Een belasting op industriële luchtvervuiling (zoals fijnstof) kan ervoor zorgen dat de vervuilende uitstoot grotendeels verdwijnt en is praktisch uitvoerbaar. De maatschappelijke schade door luchtvervuiling, voor een groot deel gezondheidsschade, is hoger dan de kosten voor de industrie om deze terug te dringen. Dit staat in het zojuist gepubliceerde onderzoek ‘Een belasting op luchtvervuiling in de Nederlandse industrie’ van het Centraal Planbureau (CPB) dat kijkt naar de sectoren staal, basisplastics (ethyleen) en kunstmest.
Het CPB concludeerde in 2018 al dat beprijzing van vervuilende uitstoot effectief kan zijn. Nu is onderzocht hoe dat voor de industrie uitpakt. Bij een belasting die gelijk is aan de maatschappelijke schade, wordt het voor bedrijven voordeliger om technologie (zoals filters) te gebruiken om de emissies terug te dringen, dan om via de belasting voor de uitstoot te betalen. Wel stijgen daardoor de productiekosten in de Nederlandse industrie. Dit kan een daling van de vraag naar hun producten tot gevolg hebben. Bedrijven zouden nu al maatregelen kunnen nemen om de emissies te verlagen want de technologie bestaat al, maar de bestaande regelgeving verplicht ze hier niet toe.

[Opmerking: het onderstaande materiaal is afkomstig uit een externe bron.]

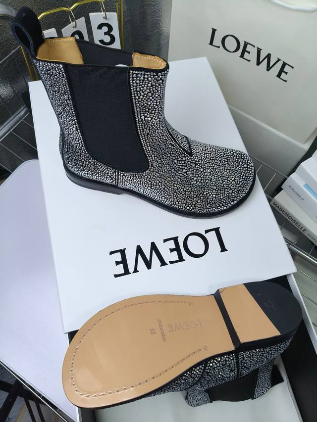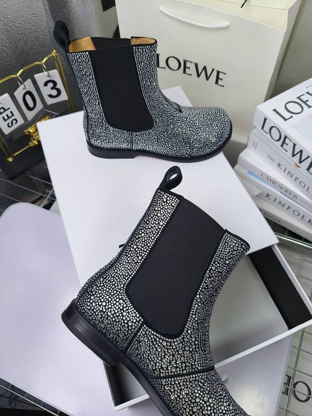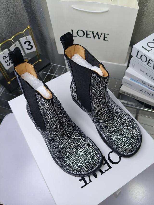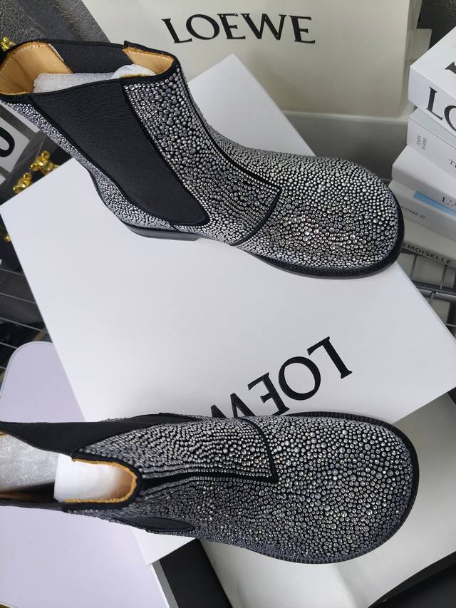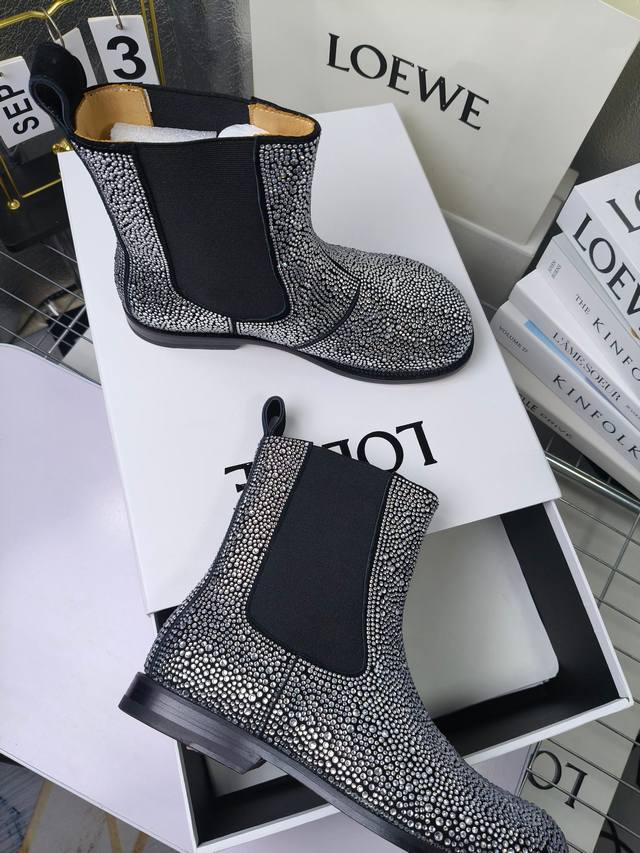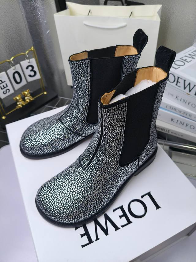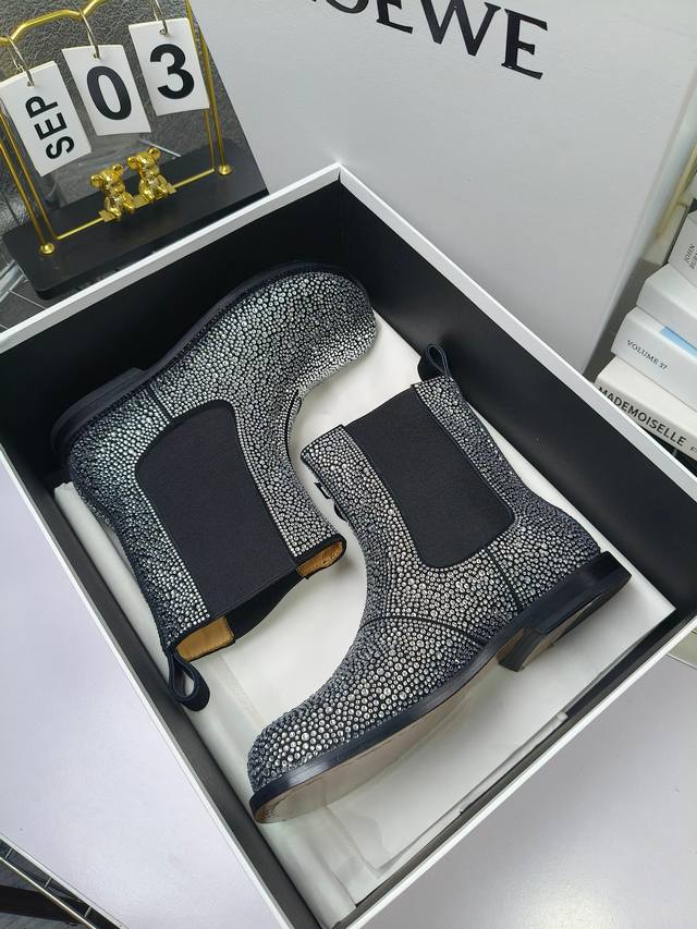 罗意威 Loewe 秋冬新款短靴 火爆新款 配合整体原版楦型,时尚而个性好穿 颜色超赞 面料:进口羊京烫进口钻 内里:水染牛皮 垫脚:水染牛皮 大底:原版真皮大底 包装:原版全套包装 码数:35-40 40.41订做

Het invoeren van een dergelijke belasting is praktisch mogelijk. Grotere bedrijven rapporteren hun vervuilende uitstoot en de maatschappelijke kosten van luchtvervuiling per stof zijn ook berekend. Luchtvervuiling kan ook zonder belasting afnemen als gunstig bijeffect van maatregelen tegen CO2-uitstoot, maar dit gebeurt pas op de langere termijn als het klimaatbeleid strenger wordt. Een belasting op luchtvervuiling zorgt daarnaast voor een veel grotere afname van emissies.
De vraag is voor welke delen van de economie een belasting zou moeten gaan gelden als deze echt wordt ingevoerd. Andere grote uitstoters naast de industrie zijn bijvoorbeeld de landbouw en het verkeer. Wat in deze sectoren de effecten van een belasting zouden zijn, vraagt nader onderzoek. De beprijzing van industriële luchtvervuiling heeft weinig effect op de stikstofproblematiek.